Record extracts:
<<<<
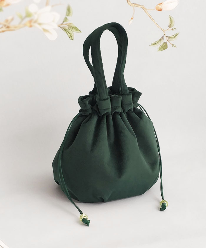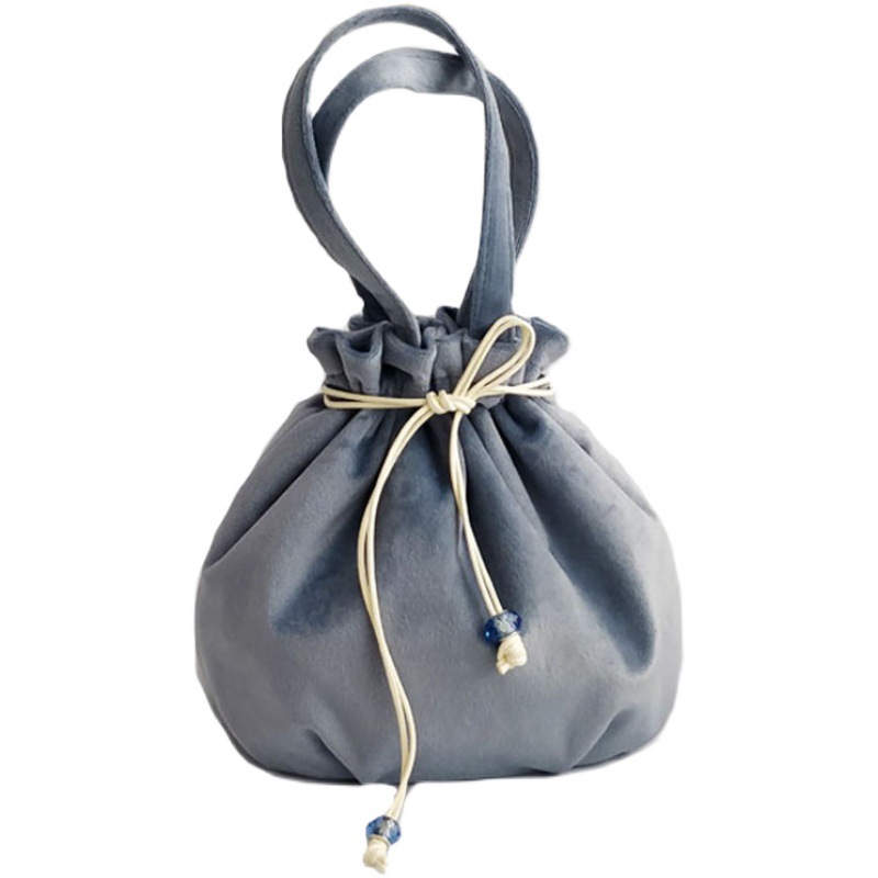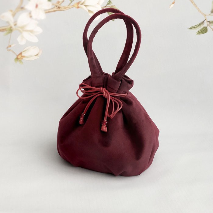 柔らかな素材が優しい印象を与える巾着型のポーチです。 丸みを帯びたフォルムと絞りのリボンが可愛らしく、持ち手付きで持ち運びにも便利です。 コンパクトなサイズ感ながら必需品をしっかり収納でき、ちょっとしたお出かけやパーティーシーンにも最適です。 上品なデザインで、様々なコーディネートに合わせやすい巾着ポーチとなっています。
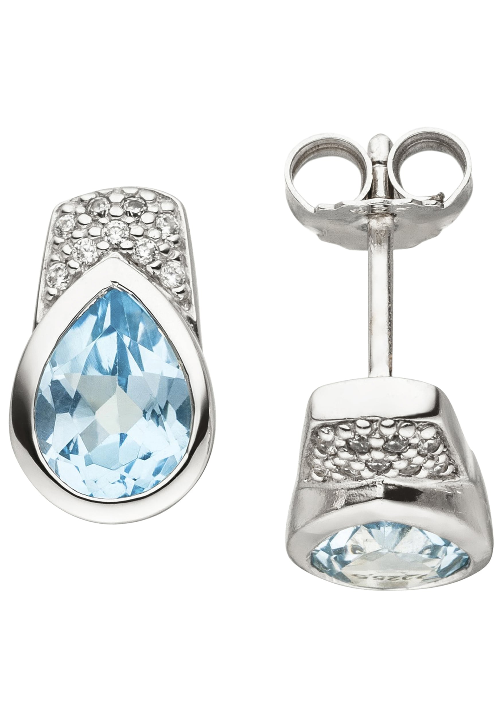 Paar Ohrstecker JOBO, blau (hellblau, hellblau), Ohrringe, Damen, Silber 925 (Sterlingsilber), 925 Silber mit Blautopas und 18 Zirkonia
>>>>
<<<<
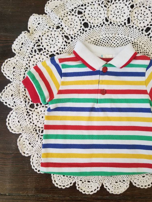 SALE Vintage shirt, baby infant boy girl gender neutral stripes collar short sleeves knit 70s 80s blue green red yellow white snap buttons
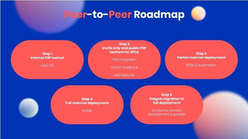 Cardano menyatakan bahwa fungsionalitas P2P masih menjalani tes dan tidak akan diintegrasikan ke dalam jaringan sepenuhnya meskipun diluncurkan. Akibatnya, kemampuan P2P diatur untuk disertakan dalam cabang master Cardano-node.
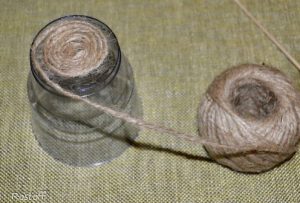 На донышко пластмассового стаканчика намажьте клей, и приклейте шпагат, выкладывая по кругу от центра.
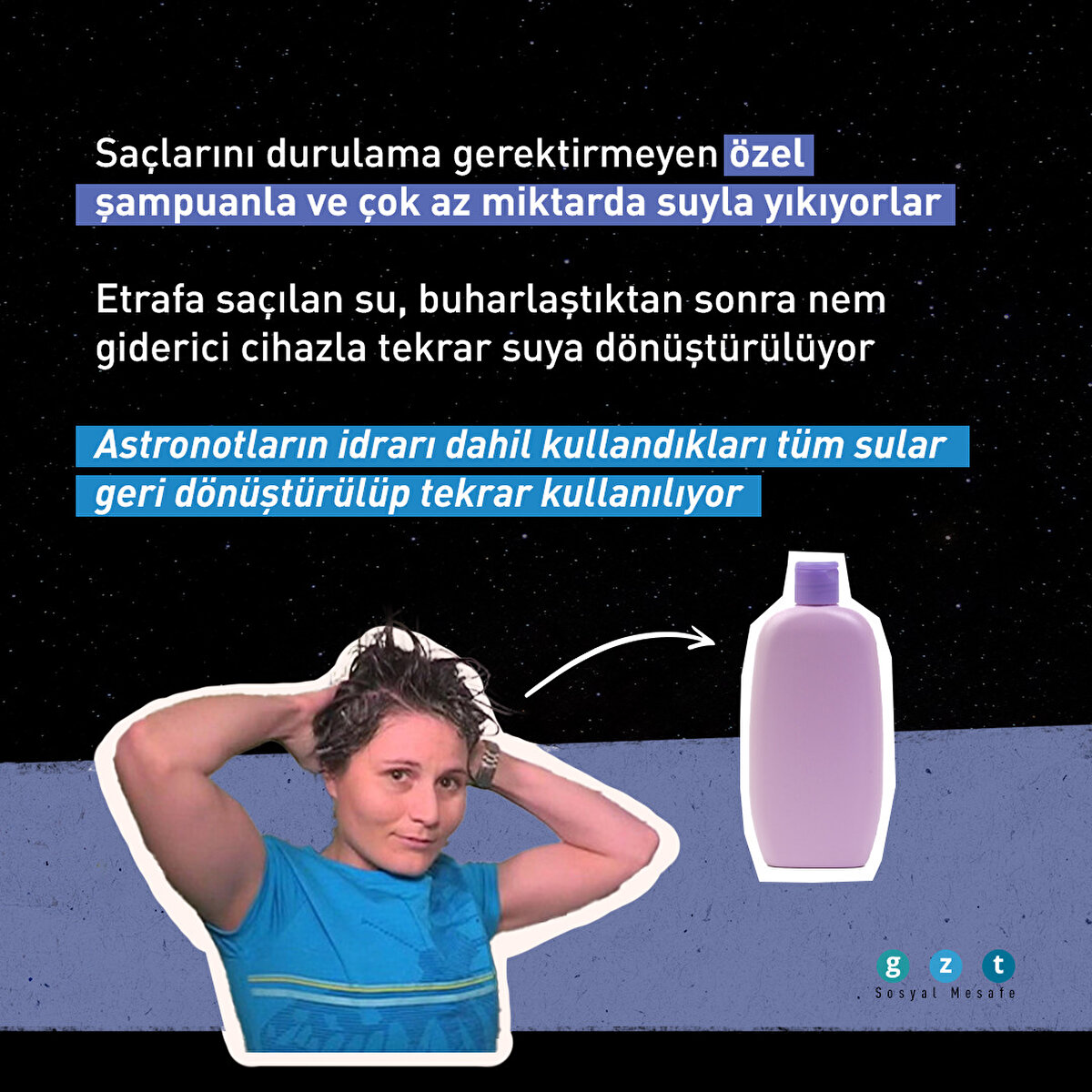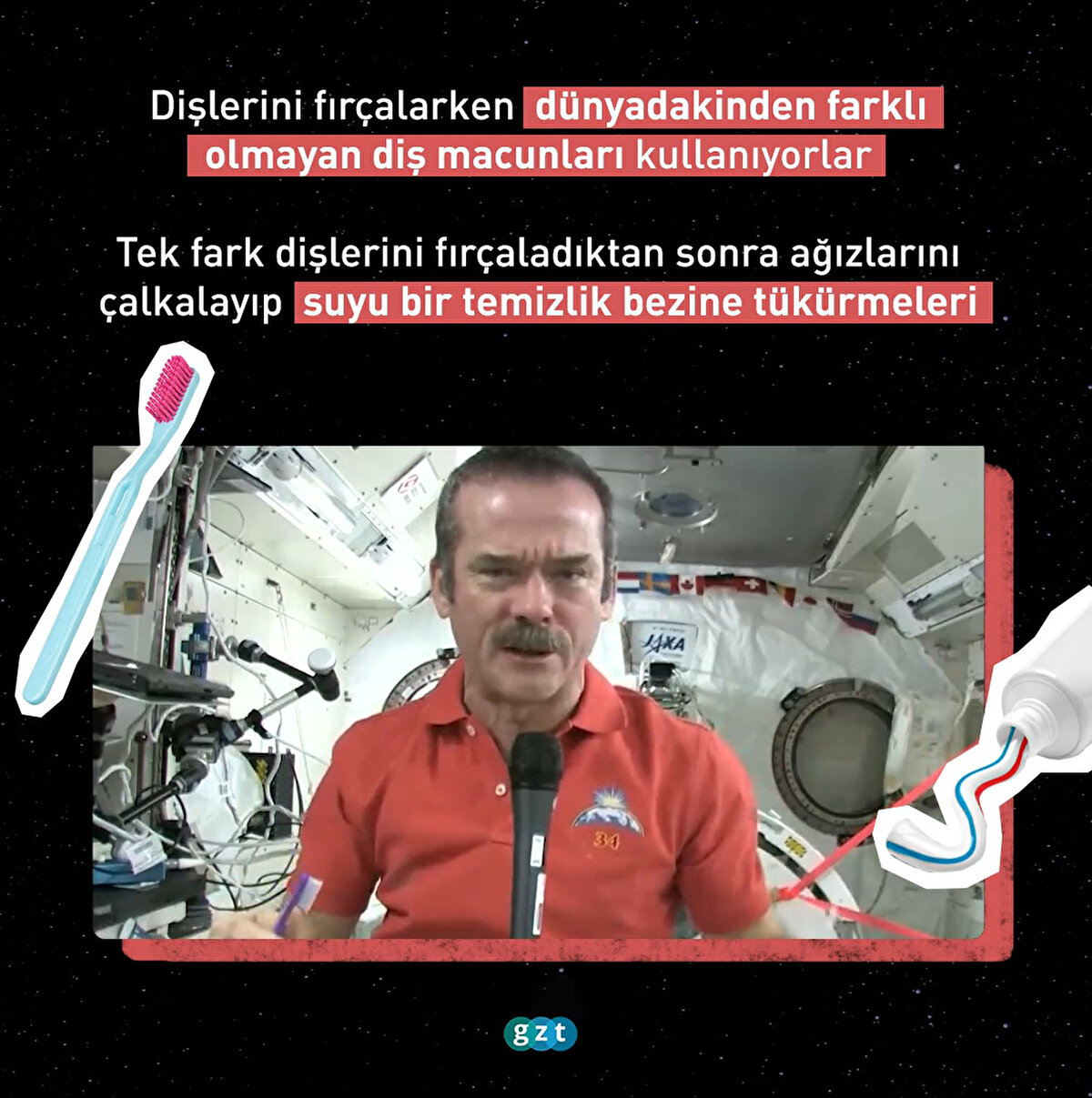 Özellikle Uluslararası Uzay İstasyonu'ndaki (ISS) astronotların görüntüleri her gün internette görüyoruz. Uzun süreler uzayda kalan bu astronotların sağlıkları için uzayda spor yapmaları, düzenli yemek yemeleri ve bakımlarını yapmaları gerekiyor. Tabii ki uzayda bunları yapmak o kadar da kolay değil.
>>>>
Task to complete: Starting at the line containing "На донышко пластмассового" and stopping at the line containing "Özellikle Uluslararası Uzay", output each line exactly as it appears above. Leave out the pictures.

Task output:
 На донышко пластмассового стаканчика намажьте клей, и приклейте шпагат, выкладывая по кругу от центра.
 Özellikle Uluslararası Uzay İstasyonu'ndaki (ISS) astronotların görüntüleri her gün internette görüyoruz. Uzun süreler uzayda kalan bu astronotların sağlıkları için uzayda spor yapmaları, düzenli yemek yemeleri ve bakımlarını yapmaları gerekiyor. Tabii ki uzayda bunları yapmak o kadar da kolay değil.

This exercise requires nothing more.